Hello all, Happy Jesusfest. Important I feel, to remember that this whole bloody thing is celebrating Jesus. And the time, long ago, when he and Santa were locked in mortal battle for galactic supremacy. Jesus ended up being frozen in a glacier, only to be unlocked from his watery prison when the giant crabs finally descend from the heavens to reek their final judgement.
Since we’ve last spoken I’ve developed a sinister obsession with what I shall now call “kitchen heroin”. Seemingly innocuous, but potent enough to default even the most materially contented human being to a total junkie. Not even a good, glamorous, artistic junkie. A pathetic consumer of espresso cups, garlic crushers; all that stuff. And that’s me. Mugging my own great grandmother for pennies to get my hands on an Alessi milk jug in the shape of a banana. And my great grandmother has been dead for decades. I’m almost certain I never even met her. Who the hell did I rob?

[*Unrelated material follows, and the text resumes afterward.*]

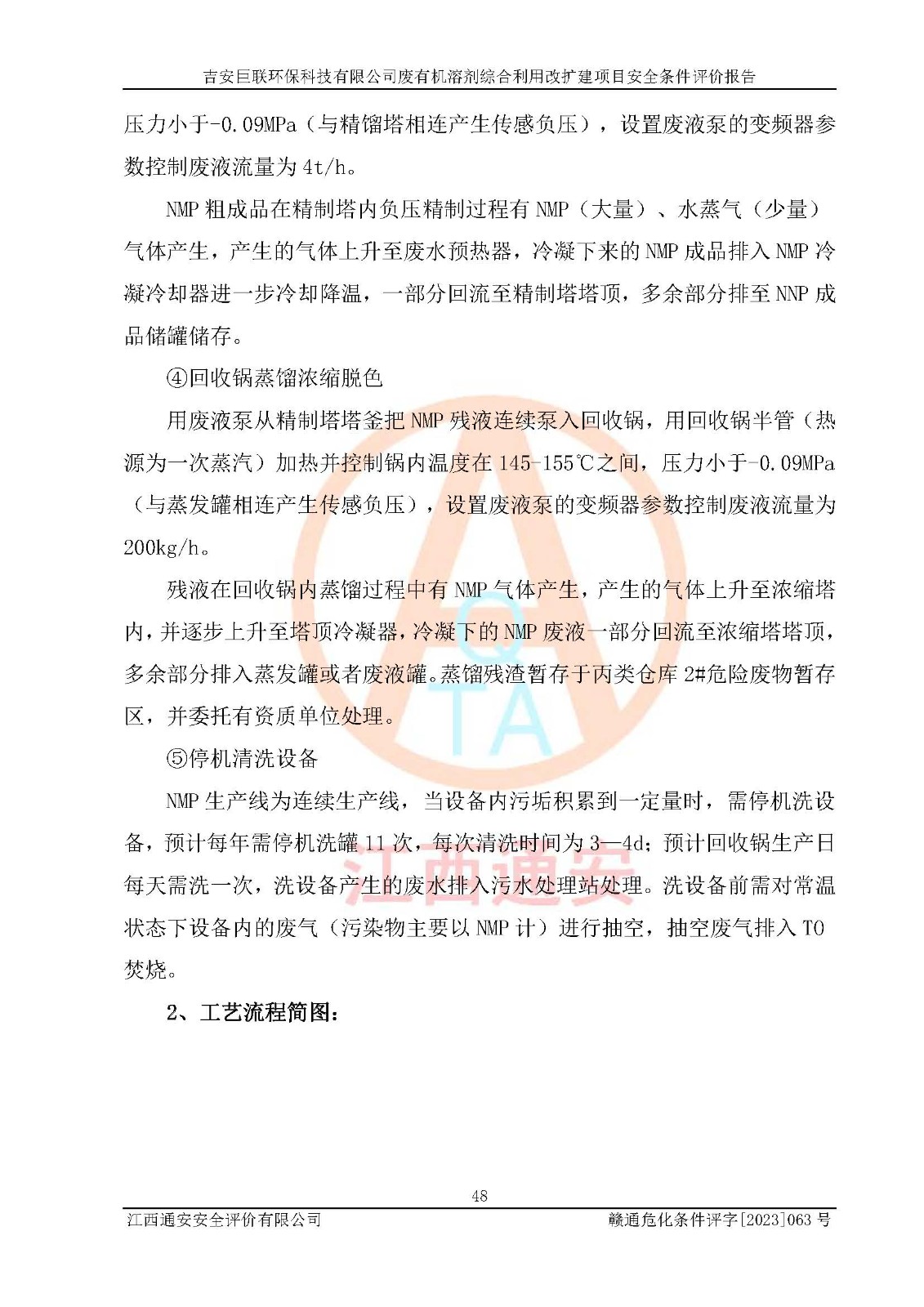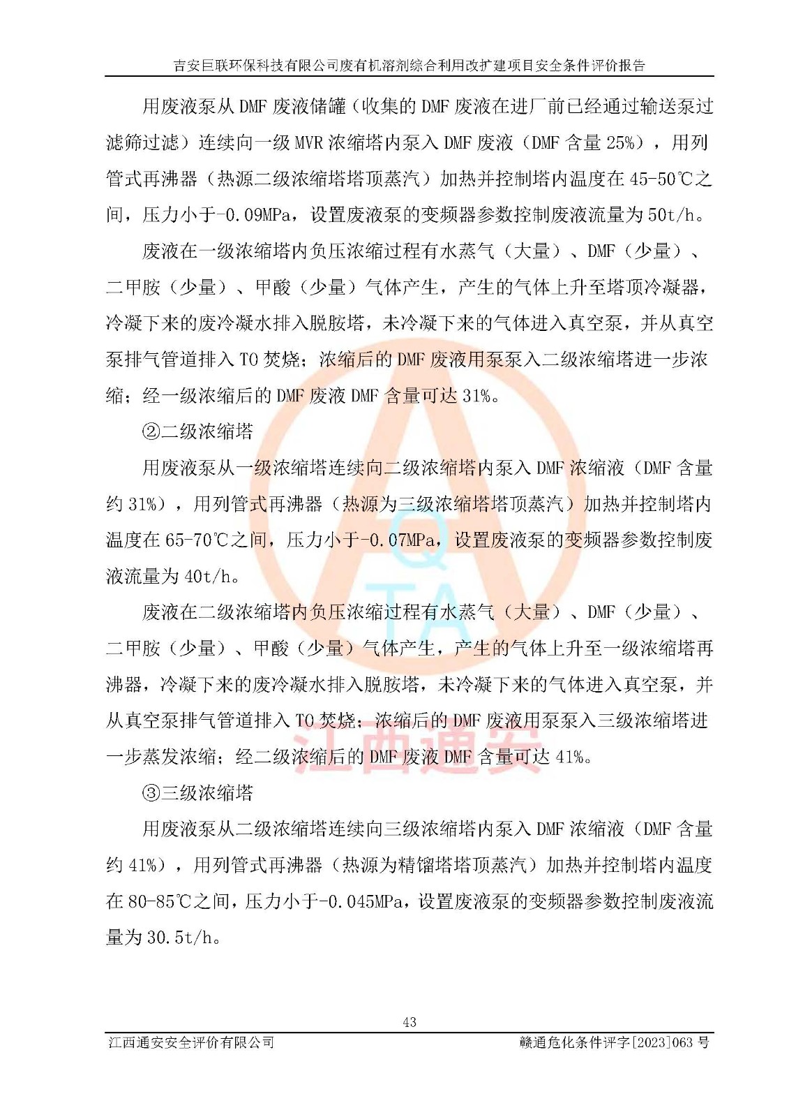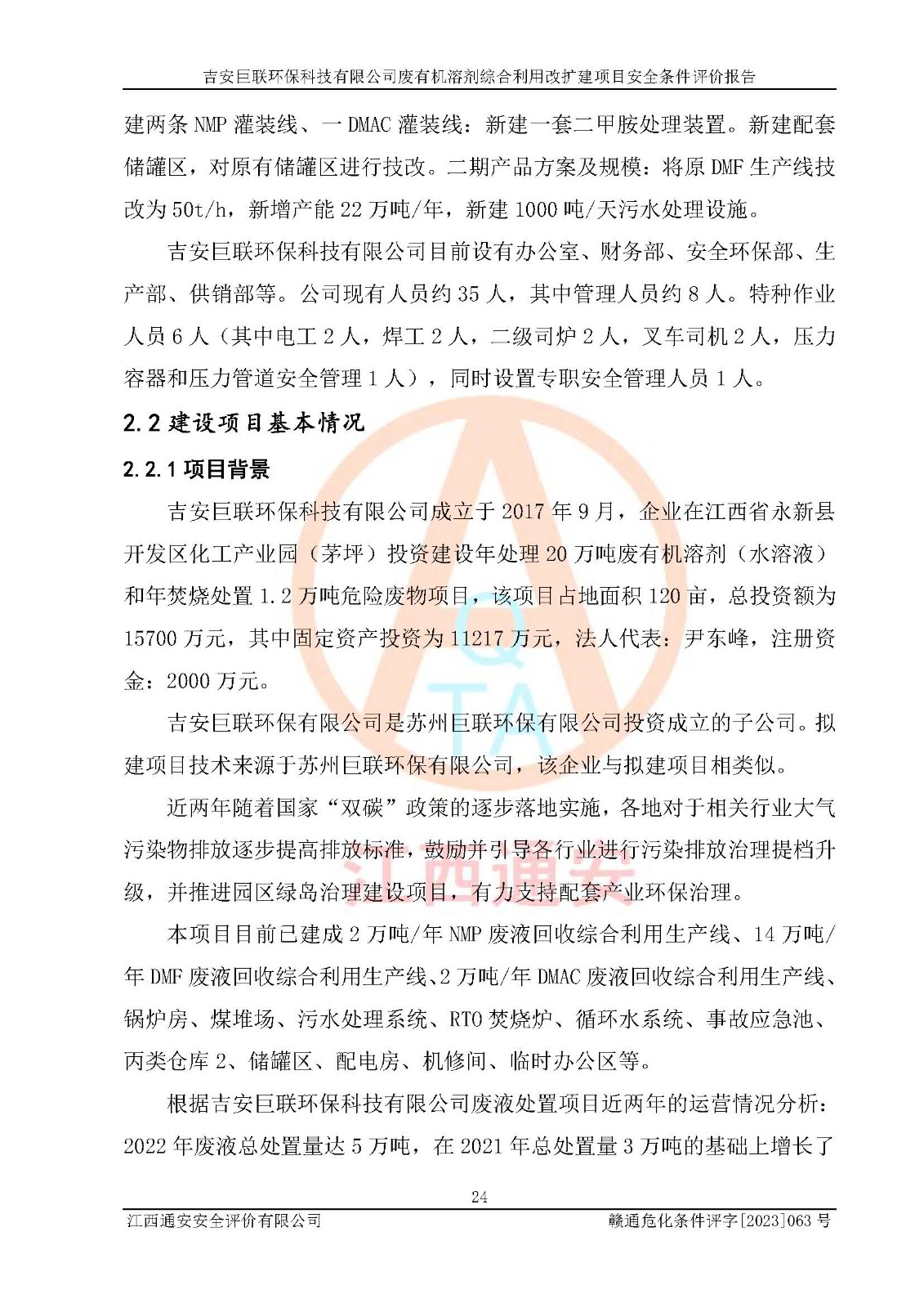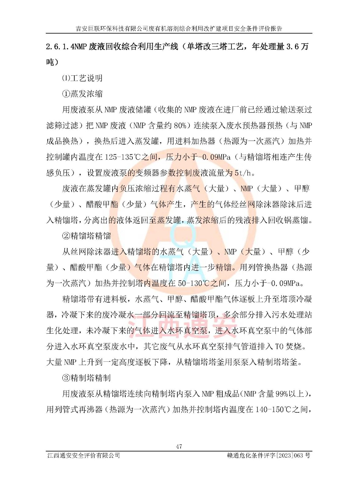項(xiàng)目簡(jiǎn)介 | 吉安巨聯(lián)**科技有限公司成立于2017年9月,并取得永新縣市場(chǎng)監(jiān)督管理局頒發(fā)的《營(yíng)業(yè)執(zhí)照》,營(yíng)業(yè)執(zhí)照統(tǒng)一社會(huì)信用代碼:91360830MA369Q6F9X。公司注冊(cè)住所:江西省吉安市永新縣工業(yè)開(kāi)發(fā)區(qū)。法定**人:尹東峰。注冊(cè)資本貳仟萬(wàn)元整。企業(yè)性質(zhì)為有限責(zé)任公司(自然人投資或控股)。營(yíng)業(yè)執(zhí)照許可經(jīng)營(yíng)范圍:許可項(xiàng)目:危險(xiǎn)廢物經(jīng)營(yíng)(依法須經(jīng)批準(zhǔn)的項(xiàng)目,經(jīng)相關(guān)部門批準(zhǔn)后方可開(kāi)展經(jīng)營(yíng)活動(dòng))一般項(xiàng)目:污水處理及其再生利用,大氣污染治理,環(huán)境保護(hù)**設(shè)備制造,固體廢物治理,資源再生利用技術(shù)研發(fā),水環(huán)境污染防治服務(wù)(除許可業(yè)務(wù)外,可自主依法經(jīng)營(yíng)法律法規(guī)非禁止或限制的項(xiàng)目)。 吉安巨聯(lián)**科技有限公司2023年11月03日取得永新縣工業(yè)和信息化局頒發(fā)的《江西省工業(yè)企業(yè)技術(shù)改造項(xiàng)目備案通知書(shū)》,備案項(xiàng)目名稱為:吉安巨聯(lián)**科技有限公司廢有機(jī)溶劑綜合利用改擴(kuò)建項(xiàng)目。項(xiàng)目統(tǒng)一代碼為:2311-360830-07-02-655303。項(xiàng)目總投資12000萬(wàn)元,項(xiàng)目總占地面積54.15畝,項(xiàng)目主要建設(shè)內(nèi)容為:主要建設(shè)內(nèi)容:項(xiàng)目利用現(xiàn)有土地面積約36099.6091㎡,總建筑面積約2840㎡,不新增用地。主要建、構(gòu)筑物內(nèi)容包括DMF回收裝置區(qū)、NMP回收裝置區(qū)、2#儲(chǔ)罐區(qū)、檢測(cè)中心、灌裝車間、倉(cāng)庫(kù)、公用工程及污水處理(二期)等。產(chǎn)品方案及規(guī)模:一期產(chǎn)品方案及規(guī)模:新建1條DMF廢液50t/h生產(chǎn)線,新增產(chǎn)能36萬(wàn)噸/年:新建1條NMP廢液10t/h生產(chǎn)線,新增產(chǎn)能7.2萬(wàn)噸/年NMP廢液:將原NMP生產(chǎn)線技改,新增產(chǎn)能1.6萬(wàn)噸/年;將原DMAC生產(chǎn)線技改,新增產(chǎn)能1.6萬(wàn)噸/年;新建兩條NMP灌裝線、一DMAC灌裝線:新建一套二甲胺處理裝置。新建配套儲(chǔ)罐區(qū),對(duì)原有儲(chǔ)罐區(qū)進(jìn)行技改。二期產(chǎn)品方案及規(guī)模:將原DMF生產(chǎn)線技改為50t/h,新增產(chǎn)能22萬(wàn)噸/年,新建1000噸/天污水處理設(shè)施。 | |||

Anyway, Happy Christmas, blah blah blah. Hope it’s been good and your bowels aren’t completely immolated from the onslaught. A quick tip to avoiding gastric stress is to develop an addiction, not to kitchen heroin, but to something similar to actual heroin. Bang, and you’re appetite is gone. Seasons greetings.
Hugs not drugs.
Indeed! Happy New Year Scumbag – continue to keep us amused.